Bij vonnis van de rechtbank Noord-Nederland, locatie Groningen, van 2 november 2017 is het verzoek van [belanghebbende] om Direktbank te bevelen in te stemmen met de door [belanghebbende] aangeboden schuldenregeling toegewezen.

2.Het geding in hoger beroep

2.1
Bij beroepschrift, binnengekomen bij de griffie van het hof op 9 november 2017, heeft Direktbank het hof verzocht voornoemd vonnis te vernietigen en, opnieuw beslissende, te bepalen dat het dwangakkoord wordt afgewezen en dat [belanghebbende] ontvankelijk is in haar verzoek tot toelating tot de wettelijke schuldsaneringsregeling en dat dit verzoek in behandeling wordt genomen.
2.2
Bij brief van 11 december 2017 is het verweerschrift met bijlagen ingekomen.
2.3
Het hof heeft kennisgenomen van de overige stukken, waaronder het proces-verbaal van de behandeling in eerste aanleg, ingekomen bij het hof op 27 november 2017.
2.4
De mondelinge behandeling heeft plaatsgevonden op 13 december 2017, waarbij namens Direktbank mr.
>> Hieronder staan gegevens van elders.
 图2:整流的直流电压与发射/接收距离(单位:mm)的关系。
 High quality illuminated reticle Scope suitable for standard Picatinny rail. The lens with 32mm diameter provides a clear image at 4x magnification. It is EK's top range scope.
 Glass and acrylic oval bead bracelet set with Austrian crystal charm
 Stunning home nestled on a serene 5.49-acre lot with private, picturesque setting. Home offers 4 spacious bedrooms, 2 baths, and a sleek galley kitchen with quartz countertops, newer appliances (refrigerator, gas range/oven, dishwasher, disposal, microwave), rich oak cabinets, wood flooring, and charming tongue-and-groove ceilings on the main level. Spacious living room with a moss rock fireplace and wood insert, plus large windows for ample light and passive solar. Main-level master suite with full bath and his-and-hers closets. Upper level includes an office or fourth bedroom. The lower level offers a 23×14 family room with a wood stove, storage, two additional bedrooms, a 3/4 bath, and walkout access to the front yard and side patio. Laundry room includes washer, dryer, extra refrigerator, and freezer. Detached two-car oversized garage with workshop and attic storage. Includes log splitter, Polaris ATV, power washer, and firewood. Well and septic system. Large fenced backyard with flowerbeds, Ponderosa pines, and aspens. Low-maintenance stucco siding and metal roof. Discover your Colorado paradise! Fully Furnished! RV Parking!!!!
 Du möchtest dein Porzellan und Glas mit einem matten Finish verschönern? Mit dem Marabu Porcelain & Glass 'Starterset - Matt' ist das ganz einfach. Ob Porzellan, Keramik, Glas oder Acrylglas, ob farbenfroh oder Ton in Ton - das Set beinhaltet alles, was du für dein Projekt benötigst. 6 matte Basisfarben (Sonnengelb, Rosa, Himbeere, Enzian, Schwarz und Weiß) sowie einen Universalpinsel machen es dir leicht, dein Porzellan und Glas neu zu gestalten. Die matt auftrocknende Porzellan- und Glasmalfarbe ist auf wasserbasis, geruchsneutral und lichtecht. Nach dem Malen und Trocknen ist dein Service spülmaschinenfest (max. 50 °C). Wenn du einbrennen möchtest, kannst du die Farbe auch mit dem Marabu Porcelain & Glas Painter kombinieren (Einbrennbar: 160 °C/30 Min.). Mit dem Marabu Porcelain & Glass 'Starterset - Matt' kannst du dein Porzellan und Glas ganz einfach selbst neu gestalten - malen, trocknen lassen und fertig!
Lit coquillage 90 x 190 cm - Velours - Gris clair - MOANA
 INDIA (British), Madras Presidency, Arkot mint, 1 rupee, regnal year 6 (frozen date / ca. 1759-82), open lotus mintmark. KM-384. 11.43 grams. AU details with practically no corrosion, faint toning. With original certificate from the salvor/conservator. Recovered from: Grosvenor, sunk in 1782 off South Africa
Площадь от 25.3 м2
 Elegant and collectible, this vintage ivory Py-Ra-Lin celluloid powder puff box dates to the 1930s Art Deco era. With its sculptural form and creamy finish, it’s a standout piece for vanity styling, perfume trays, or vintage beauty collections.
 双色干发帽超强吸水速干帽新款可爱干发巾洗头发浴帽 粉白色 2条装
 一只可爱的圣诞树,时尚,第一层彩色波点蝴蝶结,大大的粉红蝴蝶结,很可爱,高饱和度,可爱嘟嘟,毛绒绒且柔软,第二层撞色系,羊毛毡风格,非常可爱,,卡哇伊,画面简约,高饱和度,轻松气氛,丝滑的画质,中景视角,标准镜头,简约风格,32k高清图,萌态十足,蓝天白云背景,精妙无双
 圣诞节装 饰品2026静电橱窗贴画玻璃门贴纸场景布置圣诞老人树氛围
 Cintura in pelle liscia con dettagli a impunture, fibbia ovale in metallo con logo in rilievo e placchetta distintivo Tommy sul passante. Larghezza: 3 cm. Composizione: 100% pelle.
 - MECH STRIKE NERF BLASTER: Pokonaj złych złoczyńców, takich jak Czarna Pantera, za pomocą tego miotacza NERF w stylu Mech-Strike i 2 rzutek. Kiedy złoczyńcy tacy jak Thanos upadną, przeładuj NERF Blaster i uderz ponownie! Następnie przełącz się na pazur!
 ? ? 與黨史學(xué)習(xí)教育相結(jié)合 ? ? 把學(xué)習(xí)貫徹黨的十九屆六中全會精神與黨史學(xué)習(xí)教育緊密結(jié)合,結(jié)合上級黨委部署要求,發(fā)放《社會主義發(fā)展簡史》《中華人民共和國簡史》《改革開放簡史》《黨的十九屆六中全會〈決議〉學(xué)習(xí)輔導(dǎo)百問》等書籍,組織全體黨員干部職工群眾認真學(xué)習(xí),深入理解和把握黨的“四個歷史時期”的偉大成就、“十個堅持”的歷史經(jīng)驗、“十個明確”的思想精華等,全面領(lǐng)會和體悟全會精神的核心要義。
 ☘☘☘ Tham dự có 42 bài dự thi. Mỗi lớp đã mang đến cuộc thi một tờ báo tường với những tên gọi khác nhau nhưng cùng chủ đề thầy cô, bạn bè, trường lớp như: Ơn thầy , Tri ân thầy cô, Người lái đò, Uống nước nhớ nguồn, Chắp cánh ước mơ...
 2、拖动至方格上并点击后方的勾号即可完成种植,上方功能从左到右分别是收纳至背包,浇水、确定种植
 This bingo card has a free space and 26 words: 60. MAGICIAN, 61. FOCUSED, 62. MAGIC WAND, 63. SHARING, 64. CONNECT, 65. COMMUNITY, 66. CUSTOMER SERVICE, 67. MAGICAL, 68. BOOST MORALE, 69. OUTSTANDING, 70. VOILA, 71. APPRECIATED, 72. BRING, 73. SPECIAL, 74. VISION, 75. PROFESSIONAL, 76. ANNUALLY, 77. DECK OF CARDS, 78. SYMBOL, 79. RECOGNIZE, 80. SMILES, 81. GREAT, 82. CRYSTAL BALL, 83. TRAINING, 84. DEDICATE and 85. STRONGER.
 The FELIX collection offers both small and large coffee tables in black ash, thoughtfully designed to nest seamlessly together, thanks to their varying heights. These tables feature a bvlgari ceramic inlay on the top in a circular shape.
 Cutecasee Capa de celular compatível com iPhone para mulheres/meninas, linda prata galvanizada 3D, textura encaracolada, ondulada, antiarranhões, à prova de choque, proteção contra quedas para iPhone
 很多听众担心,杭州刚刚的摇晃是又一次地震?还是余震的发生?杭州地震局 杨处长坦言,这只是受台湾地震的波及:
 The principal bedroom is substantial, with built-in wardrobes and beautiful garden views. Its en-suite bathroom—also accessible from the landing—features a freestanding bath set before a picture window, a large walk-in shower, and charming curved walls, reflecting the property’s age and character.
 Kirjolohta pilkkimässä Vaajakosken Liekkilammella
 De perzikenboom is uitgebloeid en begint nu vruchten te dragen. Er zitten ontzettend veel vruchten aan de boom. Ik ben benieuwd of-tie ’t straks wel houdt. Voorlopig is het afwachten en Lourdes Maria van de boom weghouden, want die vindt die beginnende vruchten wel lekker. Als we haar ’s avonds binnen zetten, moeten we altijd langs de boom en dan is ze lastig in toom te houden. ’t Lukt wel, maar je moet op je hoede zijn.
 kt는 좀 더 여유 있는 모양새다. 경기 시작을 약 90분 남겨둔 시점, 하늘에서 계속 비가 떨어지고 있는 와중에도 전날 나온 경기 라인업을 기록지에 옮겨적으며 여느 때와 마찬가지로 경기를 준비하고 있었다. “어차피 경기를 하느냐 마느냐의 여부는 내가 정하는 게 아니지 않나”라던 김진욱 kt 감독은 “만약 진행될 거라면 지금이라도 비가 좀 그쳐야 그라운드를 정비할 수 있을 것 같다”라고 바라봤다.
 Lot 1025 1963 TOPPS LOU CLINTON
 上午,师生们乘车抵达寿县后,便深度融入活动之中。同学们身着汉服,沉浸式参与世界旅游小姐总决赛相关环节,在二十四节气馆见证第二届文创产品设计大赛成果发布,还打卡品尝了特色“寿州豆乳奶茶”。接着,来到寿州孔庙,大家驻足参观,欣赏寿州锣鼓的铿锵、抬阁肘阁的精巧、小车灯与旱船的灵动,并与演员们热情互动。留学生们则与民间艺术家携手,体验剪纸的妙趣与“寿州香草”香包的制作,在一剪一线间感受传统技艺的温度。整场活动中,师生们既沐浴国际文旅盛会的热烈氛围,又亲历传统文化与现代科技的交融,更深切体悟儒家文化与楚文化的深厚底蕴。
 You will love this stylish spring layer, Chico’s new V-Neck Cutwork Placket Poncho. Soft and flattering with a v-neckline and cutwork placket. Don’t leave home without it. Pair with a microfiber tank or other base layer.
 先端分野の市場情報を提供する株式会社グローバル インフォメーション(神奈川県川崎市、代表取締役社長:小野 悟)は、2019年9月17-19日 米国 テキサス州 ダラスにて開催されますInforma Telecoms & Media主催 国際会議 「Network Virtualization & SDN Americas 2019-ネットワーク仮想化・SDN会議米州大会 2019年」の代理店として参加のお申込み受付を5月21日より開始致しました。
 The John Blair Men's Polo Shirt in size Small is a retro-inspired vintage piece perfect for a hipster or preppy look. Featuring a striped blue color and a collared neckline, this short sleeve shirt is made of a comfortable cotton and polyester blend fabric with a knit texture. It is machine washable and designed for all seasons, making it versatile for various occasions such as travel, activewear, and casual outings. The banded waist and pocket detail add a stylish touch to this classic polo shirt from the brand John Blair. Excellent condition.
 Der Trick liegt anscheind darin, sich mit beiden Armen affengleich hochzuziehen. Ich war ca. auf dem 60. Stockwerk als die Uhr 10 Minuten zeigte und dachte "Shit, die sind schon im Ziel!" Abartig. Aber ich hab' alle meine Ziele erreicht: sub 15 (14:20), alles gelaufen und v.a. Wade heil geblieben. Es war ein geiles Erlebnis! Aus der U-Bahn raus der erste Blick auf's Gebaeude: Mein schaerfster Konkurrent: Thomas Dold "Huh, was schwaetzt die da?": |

Bijnevelt is verschenen, alsmede [belanghebbende] , bijgestaan door
haar advocaat.

3.De beoordeling

Het wettelijk kader
3.1
Op grond van artikel 287a lid 5 Faillissementswet (hierna: Fw) dient het verzoek tot vaststelling van een gedwongen schuldregeling te worden toegewezen indien de schuldeiser in redelijkheid niet tot weigering van instemming met de schuldregeling heeft kunnen komen, in aanmerking genomen de onevenredigheid tussen het belang dat hij heeft bij uitoefening van de bevoegdheid tot weigering en de belangen van de schuldenaar of van de overige schuldeisers die door die weigering worden geschaad.
Het hof stelt voorop dat het een schuldeiser in beginsel vrijstaat zijn medewerking aan een door de schuldenaar aangeboden schuldregeling - waarbij hij slechts een (beperkt) deel van zijn vordering betaald krijgt en voor het restant afstand doet van zijn recht op voldoening - te weigeren en dat bij toewijzing van een bevel tot instemming terughoudendheid geboden is. Slechts onder zeer bijzondere omstandigheden kan er plaats zijn voor een bevel tot instemming, waarbij het in beginsel op de weg van de schuldenaar ligt de specifieke feiten en omstandigheden te stellen en, zo nodig, te bewijzen, waaruit kan worden afgeleid dat de schuldeiser in redelijkheid niet tot weigering van instemming met het akkoord heeft kunnen komen (Hoge Raad 12 augustus 2005, ECLI:NL:HR:2005:AT7799).
3.2.
Volgens vaste rechtspraak is voor het van toepassing verklaren van de schuldsaneringsregeling het bestaan van pluraliteit van schuldeisers geen vereiste.
Het hof is van oordeel dat ook een gedwongen schuldregeling kan worden opgelegd wanneer de schuldenaar slechts één crediteur heeft en deze crediteur weigert in te stemmen met de voorgestelde schuldregeling. Artikel 287a Fw heeft immers, zo blijkt uit de wetsgeschiedenis, te gelden als een alternatief voor de wettelijke schuldsaneringsregeling zowel in de gevallen waarin toewijzing tot de schuldsaneringsregeling wel als die waarin toewijzing tot de schuldsaneringsregeling, gelet op de wettelijke vereisten, niet tot de mogelijkheden behoort (Hof Arnhem-Leeuwarden 3 maart 2017 2017,
Vaststaande feiten
3.3
Uit de stukken en het verhandelde ter zitting is het hof het volgende gebleken.
[belanghebbende] woont samen met een partner met inkomen. Tot haar gezin behoren tevens haar twee nog minderjarige kinderen, geboren uit een vorig huwelijk. [belanghebbende] is werkloos en heeft tot 23 juni 2017 een WW-uitkering ontvangen.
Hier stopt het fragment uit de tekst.